Abstract
Medulloblastoma is the most common malignant paediatric brain tumour and current therapies often leave patients with severe neurological disabilities. Four major molecular groups of medulloblastoma have been identified (Wnt, Shh, Group 3 and Group 4), which include additional, recently defined subgroups with different prognosis and genetic characteristics. Lactate dehydrogenase A (LDHA) is a key enzyme in the aerobic glycolysis pathway, an abnormal metabolic pathway commonly observed in cancers, associated with tumour progression and metastasis. Studies indicate MBs have a glycolytic phenotype; however, LDHA has not yet been explored as a therapeutic target for medulloblastoma. LDHA expression was examined in medulloblastoma subgroups and cell lines. The effects of LDHA inhibition by oxamate or LDHA siRNA on medulloblastoma cell line metabolism, migration and proliferation were examined. LDHA was significantly overexpressed in Group 3 and Wnt MBs compared to non-neoplastic cerebellum. Furthermore, we found that oxamate significantly attenuated glycolysis, proliferation and motility in medulloblastoma cell lines, but LDHA siRNA did not. We established that aerobic glycolysis is a potential therapeutic target for medulloblastoma, but broader LDH inhibition (LDHA, B, and C) may be more appropriate than LDHA inhibition alone.

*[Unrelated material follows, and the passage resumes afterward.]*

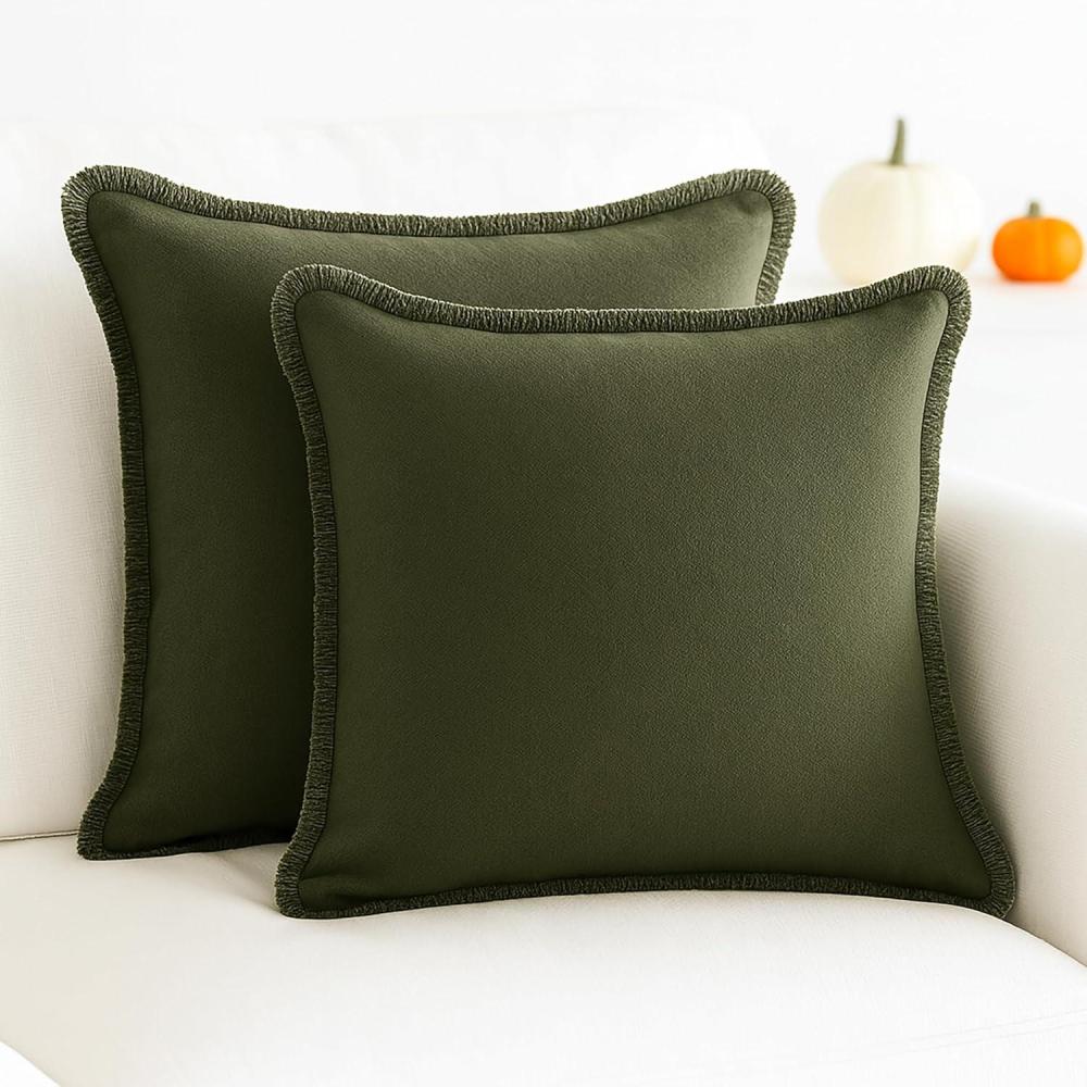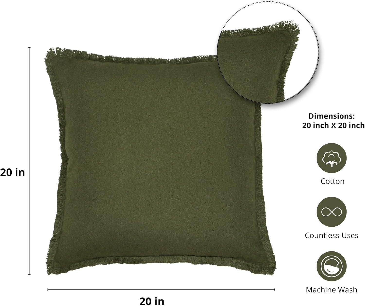 PurpleEssences 2 Pack Boho Cotton Fringe Throw Pillow Covers, Decorative Cushion Covers with Tassels for Couch, Sofa, Bed, Farmhouse Home Décor Fall Thanksgiving – Royal Linen(Olive Green)

Keywords: LDHA, lactate dehydrogenase, medulloblastoma, aerobic glycolysis, Warburg effect, oxamate
1. Introduction
Brain and other central nervous system (CNS) tumours are the second largest cause of cancer-related deaths in children, after leukaemia. Medulloblastomas (MBs) account for 20% of paediatric brain tumours, making them the most common type of solid, malignant childhood brain tumour [1]. MB manifests in the cerebellum and has a tendency to spread to the spinal cord. Four main subgroups of MB have been identified and are now recognised by the World Health Organisation (WHO): as Wnt-activated, Shh-activated TP53 wild-type, Shh-activated TP53 mutant and non-Wnt/non-Shh, the latter of which has been subdivided into “Group 3” and “Group 4” [2,3]. Recent studies reveal even further divisions [4]. Each group has disparate features including demographics, clinical outcomes, characteristic genetic abnormalities and rates of metastasis. Although the current five-year event-free survival is >80% for low-risk children, and 60–70% for high-risk children [5], the quality of life of individuals after treatment is often significantly reduced.

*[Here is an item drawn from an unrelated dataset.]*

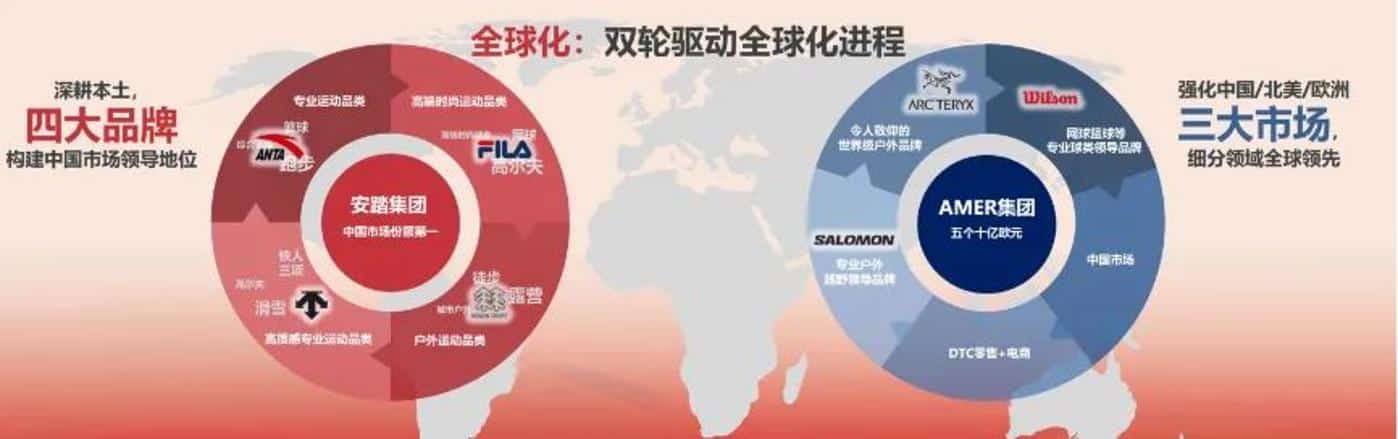 在一份安踏集团安踏集团整体发展方向的文件中,其全球化的的双轮驱动全球化进程就包括以安踏、FILA、可隆、迪桑特四大品牌深耕本土和以始祖鸟、威尔胜、萨洛蒙等强化北美和欧洲市场。

Regardless of oxygen availability, cancer cells commonly use aerobic glycolysis for ATP production; this is known as the Warburg effect [6]. Pyruvate is diverted away from the mitochondria, where it normally undergoes oxidative phosphorylation (OXPHOS) to generate ATP. Instead, it is converted to lactate by LDHA and nicotinamide adenine dinucleotide (NAD+) is regenerated from (NAD)H in the process [7]. NAD+ is required by glyceraldehyde 3-phosphate dehydrogenase to maintain glycolysis and ATP production. This reaction also occurs occasionally in some specialised non-neoplastic cells during rapid proliferation and other non-neoplastic cells when oxygen is unavailable. Nevertheless, as this is the preferential method of ATP production used by cancer cells, it is an attractive target for cancer therapies. We previously reviewed the regulation and function of LDHA and its therapeutic potential in brain tumours [8].

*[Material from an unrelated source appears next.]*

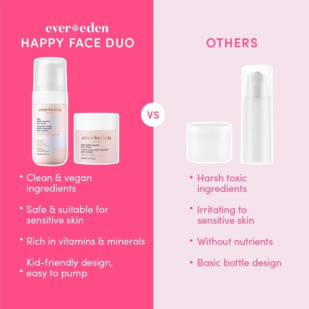 Kids Skincare Face Wash & Moisturizer Duo – Gentle Cleansing & Hydrating for Sensitive Skin Take care of your child’s delicate skin with the Kids Skincare Face Wash & Moisturizer Duo. Specially formulated for children ages 3+, this gentle, nourishing duo helps cleanse, hydrate, and protect your child’s face. With a multi-vitamin face wash and hydrating face moisturizer, this set is designed to remove impurities, soothe sensitive skin, and keep it balanced and healthy. Key Features & Benefits: Gently Cleanse Impurities: The multi-vitamin face wash is designed to remove excess oil, dirt, and pore-clogging impurities without irritating or drying out your child’s skin. Use this gentle wash both morning and night for a fresh, clean face. Nourish with Vitamins & Minerals: Infused with essential vitamins and minerals, this skincare duo not only cleanses but also nourishes and balances the skin. Follow the face wash with the kids face moisturizer to hydrate and soothe the skin, leaving it soft and smooth. Cleanse, Moisturize & Protect: This dynamic duo uses amino acids and omegas to cleanse and balance the skin, while also providing protective benefits. It keeps your child’s skin healthy, nourished, and shielded from environmental stressors. Gentle on All Skin Types: Safe for kids ages 3+, this duo is formulated to be gentle on sensitive skin. It is suitable for all skin types, including the most delicate and sensitive skin, making it ideal for your child or the whole family. Clean & Vegan Ingredients: This skincare set is made with clean, vegan ingredients, developed by dermatological experts. The products contain no sulfates, parabens, phthalates, or petrolatum, so you can feel confident about the safety and quality of the products you're using on your child’s skin. Why Choose the Kids Skincare Face Wash & Moisturizer Duo? This set is the perfect solution for parents looking for a gentle yet effective skincare routine for their children. Designed to clean, hydrate, and protect delicate skin, the multi-vitamin face wash and moisturizing lotion duo work together to keep skin soft, balanced, and healthy. It’s great for kids of all ages and makes a wonderful addition to your family’s daily skincare routine. How to Use: Step 1: Apply the kids face wash to dampened skin in the morning and evening. Gently massage to remove dirt, oil, and impurities. Step 2: Rinse thoroughly and follow with the kids face moisturizer to hydrate and soothe. Use daily for the best results and healthy, nourished skin. Package Includes: Kids Multi-Vitamin Face Wash (Gentle Cleanser for Kids) Kids Face Moisturizer Cream (Hydrating, Soothing & Protecting Lotion) Both products in one convenient, family-friendly set. Kids Skincare Set Kids Face Wash & Moisturizer Gentle Face Wash for Kids Kids Skincare for Sensitive Skin Vegan Kids Skincare Hydrating Face Cream for Kids Gentle Face Wash for Sensitive Skin Safe Skincare for Kids 3+ Kids Daily Face Care Clean Skincare for Children Paraben-Free Kids Skincare Multi-Vitamin Kids Face Wash Amino Acid Skin Care for Kids Vegan Face Wash for Children

Mouse models have shown that during normal development of the cerebellum, cerebellar granule neural precursors (CGNPs) are stimulated by Shh to undergo aerobic glycolysis. Shh and phosphoinositide 3-kinase signalling has been shown to stimulate aerobic glycolysis in CGNPs in a hexokinase-2 (HK2)-dependent manner [9]. Furthermore, inhibition of aerobic glycolysis by deleting HK2 in Shh MB mouse models reduced MB malignancy by promoting differentiation and reducing proliferation [9]. Shh MBs also exhibit elevated lipid synthesis implicated in aerobic glycolysis [10].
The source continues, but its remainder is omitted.